Jens zu MEWITHOUTYOU:
Man weiß es zwar, aber trotzdem fällt man immer wieder drauf rein, wenn man in der Fabrik feststellt, dass die erste Band hier tatsächlich mit dem offiziellen Konzertbeginn anfängt. Meist ist das auch gar nicht schlimm, aber was den Support von SPARTA anging, hätte es sich durchaus gelohnt, pünktlich da zu sein. MEWITHOUTYOU klingen namenstechnisch ja wie die Emo-Band schlechthin, tatsächlich mischten sie jedoch…Ja, was eigentlich? Indie war auf jeden Fall eine der Zutaten, NORTH OF AMERICA dürfte der Band aus Pennsylvania sicherlich auch nicht ganz unbekannt sein, und TRAIL OF DEAD könnte man hier auch als Referenz nennen, zumindest die älteren Sachen gerade was den Ideenreichtum der fünf Vagabunden angeht. Der Sänger wechselte zirka fünf Instrumente in zwei Minuten, von Schellenkranz, über Akustikklampfe bis Akkordeon war eigentlich alles dabei. Meine Recherchen ergaben, dass MEWITHOUTYOU bei Tooth And Nail zu Hause sind, mit FRODUS teilen sie sich jedoch nicht nur das Label. Schön zu sehen, dass die musikalische Qualität auch seitens des Publikums ordentlich honoriert wurde. Die geforderte Zugabe scheiterte letztlich wohl nur am strikten Zeitplan der Fabrik.

Steffen zu SPARTA:
Dem ich zu verdanken hatte, nur noch das letzte Viertel von SPARTA mitzubekommen. Was mir aber auch reichte. Doch bevor ich jetzt in die übliche AT THE DRIVE IN-Nostalgie verfalle, war es erstmal wieder schön, den Altersdurchschnitt nach unten statt nach oben zu drücken (Inhaber der Quaterlife-Crises bzw. Mid-Twentys-Depression). Bei den MAD CADDIES am Vortag musst ich nämlich noch mit ansehen, wie pubertierende Menschen in Hurricane-Shirts auf die Bühne klettern, in die Hände klatschen, poserhaft das Publikum herwinken, um sich dann vorsichtig draufzulegen, yeah!

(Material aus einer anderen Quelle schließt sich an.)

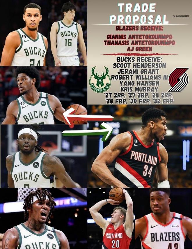 开拓者队作为一支拥有深厚历史底蕴的球队,其阵容中人才济济。在球队的轮转体系里,各个位置上都有经验丰富或者天赋出众的球员占据着主要的上场时间。杨瀚森尽管拥有出色的篮球天赋,但在这样的环境下,想要脱颖而出获得更多展示自己的机会,无疑是困难重重。鉴于此情况,有消息传出杨瀚森即将前往发展联盟打球。发展联盟对于年轻球员来说,是一个锻炼和成长的平台,在这里他或许能得到更多的上场时间和表现机会,从而进一步提升自己的竞技水平。 早在杨瀚森在开拓者队遭遇上场难题时,就已经有人提出建议,认为开拓者索性把杨瀚森交易出去。毕竟对于球队而言,若球员无法为球队做出实质性贡献,那么通过交易或许能换来更适合球队战术体系的球员。 近日,开拓者媒体SleeperTrailBlazers提出了一则引人注目的交易建议。在这一交易方案中,开拓者队将得到扬尼斯·阿德托昆博(字母哥)、萨纳西斯·阿德托昆博(字母哥哥)以及A.J.格林。而雄鹿队则会获得斯库特·亨德森、杰拉米·格兰特、罗伯特·威廉姆斯三世、杨瀚森、克里斯·穆雷等球员,此外还包括2028年首轮签、2030年首轮签、2032年首轮签、2027年次轮签x2、2028年次轮签。
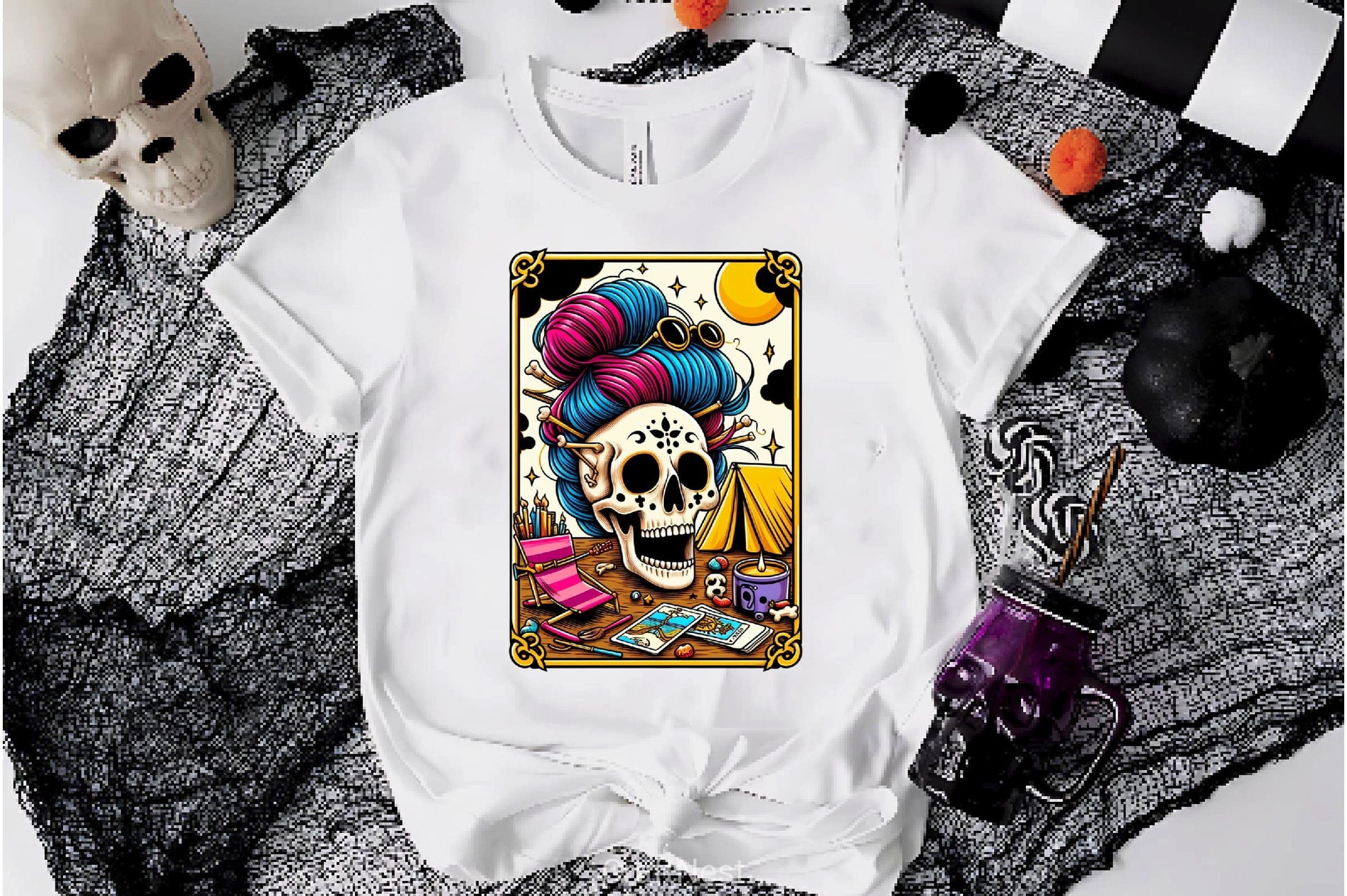 Skeleton Skull Messy Bun Mom Tarot Card Clipart Bundle

Okay, nun aber zu U2, äh SPARTA. Alles, was diese Band ausmacht, ist der AT THE DRIVE IN-Flair. Mit Jim Ward (Sänger/Gitarre) und Tony Hajjar (Schlagzeug) sind nur noch zwei ehemalige Mitglieder der Ausnahmeband dabei, nachdem Paul Hinojos die Fronten gewechselt hat, um zu den beiden kreativen Köpfen der Band zurückzukehren, die sich als THE MARS VOLTA in einem musikalischen LSD-Trip verirrt haben. Das, was SPARTA da gespielt haben, war allenfalls gute Nachtsautobahnfahrmusik, langweiliger Rock/Pop, nicht zuletzt verschuldet durch Jim Ward, der bis auf seine ja ganz coole Schreistimme original den Bono gemacht hat (Beleg auf Myspace: „Erase it again“, erschreckend!). Ich hab ja probiert, mich drauf einzulassen, aber da sprang kein Funken über. Im Gegensatz zu den beiden Altrockern, die in der Galerie Luftschlagzeug gespielt haben. Das von Jens und mir erwartete Schlagzeugsolo blieb leider aus. Hätte aber prima gepasst.
„Cut your ribbon“ als Zugabe war dann allerdings doch noch den Besuch Wert. Das ’n Kracher.